Dissonance between the elements of Outer Range was a minor issue in Season 1. It becomes a major one in Season 2, where it’s hard to reconcile the series about the Native lesbian cop traveling through time with the one about the conservative rancher trying, and failing, to appeal to good old-fashioned integrity in a world that’s forgotten the meaning of the word.

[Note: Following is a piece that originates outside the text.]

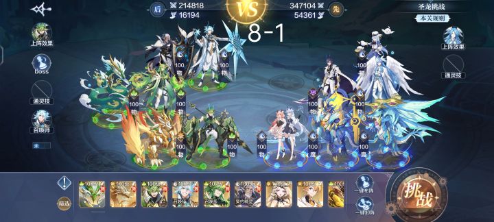 8-1水火龙和梦离都带攻暴气破,绿龙带攻防气生,龙炎和希尼安都是攻暴生防,因为可能要赌一下暴击,回合超过11回合会直接失败。
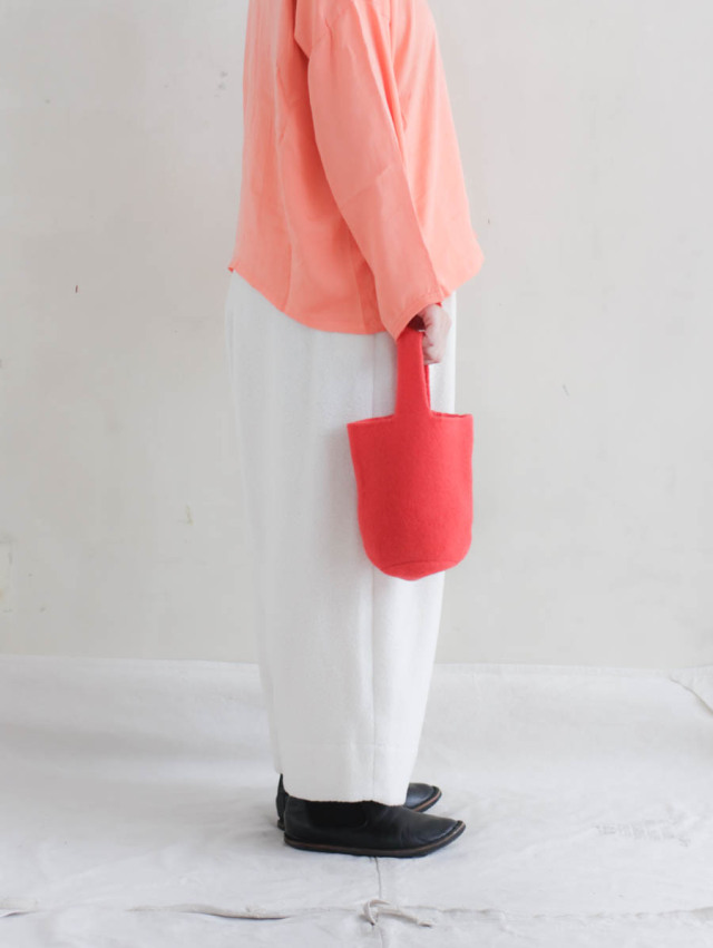 フェルトのようなウールで、ふわっと柔らかなミニバッグです。

It’s not that these people don’t coexist in real life, in small-town Wyoming or anywhere else; it’s that even when their adventures come together, they still feel siloed.

About a year and a half ago, series creator Brian Watkins was replaced by Charles Murray, who has an impressive resume as a TV producer and showrunner (and, importantly for our purposes, an overall deal with Amazon). Murray has done good work in the past, but red flags of indifference are all over Outer Range Season 2. The flat lighting. The flimsy historical settings. The crude CGI inserts. The cringeworthy performances from the supporting cast. The overall effect is akin to syndicated sci-fi pulp from the mid-’90s—which has a certain shoddy backlot charm but is hardly the prestige drama this show was when it began.

A photo including Tamara Podemski and Kimberly Guerrero in the series Outer Range on Amazon Prime

Deputy Sheriff Joy (Tamara Podemski) and Falling Star (Kimberly Guerrero).

Courtesy of Prime

Similarly, the series features some damn fine actors, but none of them are delivering career-best work. Poots is, frankly, too good for this show (at least, in its indifferent second season), while Brolin and Taylor are hemmed in by their characters’ plainspoken stoicism. If everything around them were a little wilder, maybe the characters’ deadpan grunting and self-martyrdom might create an amusing, or even intriguing, contrast. As it is, everyone seems to be giving around 80 percent—which is perfect for algorithmic background noise, actually. Mission accomplished?